Some vets will recommend rechecking a fecal sample from your cat to ensure that the parasites are cleared. This involves getting a very small sample of stool; they look at the sample under the microscope for the presence of various worm eggs. This test helps them determine if another dose of dewormer is needed.
If your cat has been treated for tapeworms, keep in mind you will need to start a flea preventative program immediately as well. Even if your cat is treated for the tapeworms, they can immediately reinfect themselves as long as infected fleas are still present in the environment. Your vet may start flea prevention at the same time as the initial tapeworm treatment, recheck a fecal sample in a few weeks, and treat again if needed.
How can I stop my cat from being reinfected once they no longer have worms?
Use parasite treatments as prescribed by your vet
Year-round prevention is the best way to keep your cat healthy and worm-free. While there are a lot of over-the-counter deworming products, it is best to consult with your veterinarian before starting any parasite preventative. They will be able to tailor preventative care to specifically to your cat’s needs and lifestyle. For example, a cat that lives outdoors and frequently hunts small prey animals may be more at risk than the indoor-only cat. Very young cats and immunocompromised cats are also more at risk for developing severe symptoms.
The Companion Animal Parasite Council has general deworming and testing guidelines for both kittens and adult cats:
- 4 times per year in kittens until 1 year old
- 2 times per year in adults (depending on risk assessment)
Practice good hygiene and overall home cleanliness
Good hygiene, feces removal, and overall home cleanliness are some of the most important steps you can take to protect your cat. For example, it is estimated that 90% of fleas are found in the environment (house, carpet) and 10% are actually on the pet. Since tapeworms are spread via infected fleas, home cleanliness becomes vital to controlling the spread of the worms and preventing reinfection.
Some worm eggs and larvae can live in the environment even in the harshest of conditions. If infected feces are left in the yard, they can get into the soil and are hard to get rid of. Removing feces immediately from infected animals helps minimize this environmental contamination.
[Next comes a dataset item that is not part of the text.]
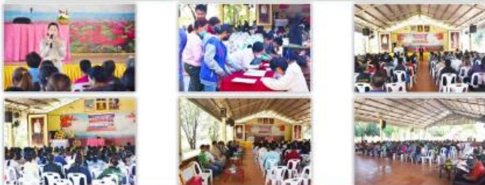
งานประชาสัมพันธ์ โรงเรียนบ้านโนนจาน(เนตรชนันธราษฎร์บำรุง)

วันจันทร์ ที่ 20 พฤศจิกายน 2566 โรงเรียนบ้านโนนจาน(เนตรชนันธราษฎร์บำรุง) จัดประชุมผู้ปกครองนักเรียนภาคเรียนที่ 2 ปีการศึกษา 2566 เพื่อเป็นการรายงานผลการบริหารจัดการศึกษาที่ผ่านมา หาแนวทางในการจัดการศึกษา การจัดทำผ้าป่าเพื่อการศึกษาสร้างความสัมพันธ์ที่ดีระหว่างโรงเรียน ครูและผู้ปกครองในการส่งเสริม พัฒนาโรงเรียนและบุคลากรให้มีคุณภาพพร้อมกันต่อไป โดยได้รับความร่วมมือจากคณะกรรมการสถานศึกษาและผู้ปกครองนักเรียนเข้าร่วมประชุมอย่างพร้อมเพรียงกัน ขอขอบพระคุณเป็นอย่างสูง

Related article: “My cat has worms – how do I clean my house?”
The exact time to remove worms will depend on several factors including your cat’s health status and quantity of worms. As noted previously, it is possible that some worms can remain despite repeated treatments.
Is it okay to use dewormers as a preventative treatment?
Parasite control is an important part of your cat’s year-round preventative care. Typically your veterinarian will recommend annual (or twice a year depending on risks) fecal testing to help identify and treat any active intestinal parasite infections. There are a variety of oral and topical deworming products available for cats. It is very important to choose a product specifically for cats, as some dog products can be toxic. Always consult with your veterinarian about what fits your cat’s needs best.
Are there any side effects of deworming treatments?
Deworming products are typically very safe when used appropriately. While uncommon, some side effects include vomiting, diarrhea, and some loss of appetite. You may also see itching or hair loss at the site if topical treatment is used. Symptoms often occur in the first 24 hours after administering the dewormer. Always check in with your vet if your cat is not feeling well and you have recently given them a deworming product.